Given: $PQ = 5\ cm$, $m\angle\ PQR = 105^{\circ}$ and $m\angle QRP = 40^{\circ}$.

To do:  To construct $\triangle PQR$.

Solution: 

Here given, $PQ = 5\ cm$, $m\angle PQR = 105^{\circ}$ and $m\angle QRP = 40^{\circ}$

Let us find the value of $\angle QPR=?$

$\angle PQR + \angle QRP + \angle QPR = 180^{\circ}$   [angle sum property of a triangle]

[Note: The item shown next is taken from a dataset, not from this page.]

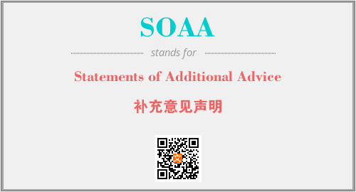 以上为Statements of Additional Advice英文缩略词SOAA的中文解释,以及该英文缩写在英语的流行度、分类和应用领域方面的信息。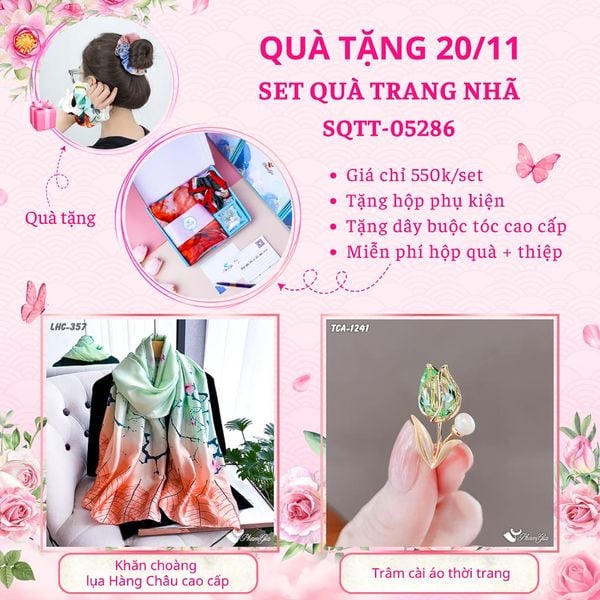 Kết hợp khăn lụa và ghim cài áo với thiết kế tinh tế và sang trọng, Set Quà Tặng là sự lựa chọn lý tưởng cho các dịp sinh nhật, lễ tết, 20/11, 20/10, 8/3 và các dịp đặc biệt trong năm. Mỗi món phụ kiện được tuyển chọn kỹ lưỡng, đảm bảo chất lượng và sự tinh tế, ấn tượng để gửi tặng người thân, bạn bè, nhân viên, khách hàng, đối tác...

$\Rightarrow 105^{\circ} + 40^{\circ} + \angle QPR = 180^{\circ}$

$\Rightarrow \angle QPR = 35^{\circ}$

Steps of construction :

• Let us draw a line segment $PQ=5\ cm$.
• At $P$, let us draw a ray $PX$ making an angle of $35^{\circ}$ such that $\angle QPX=35^{\circ}$.
• At $Q$, let us draw a ray $QY$ making an angle of $105^{\circ}$ such that $\angle PQR=105^{\circ}$.
• Here, rays $PX$ and $QY$ intersect each other at the point $R$.

$\triangle PQR$ is the required triangle.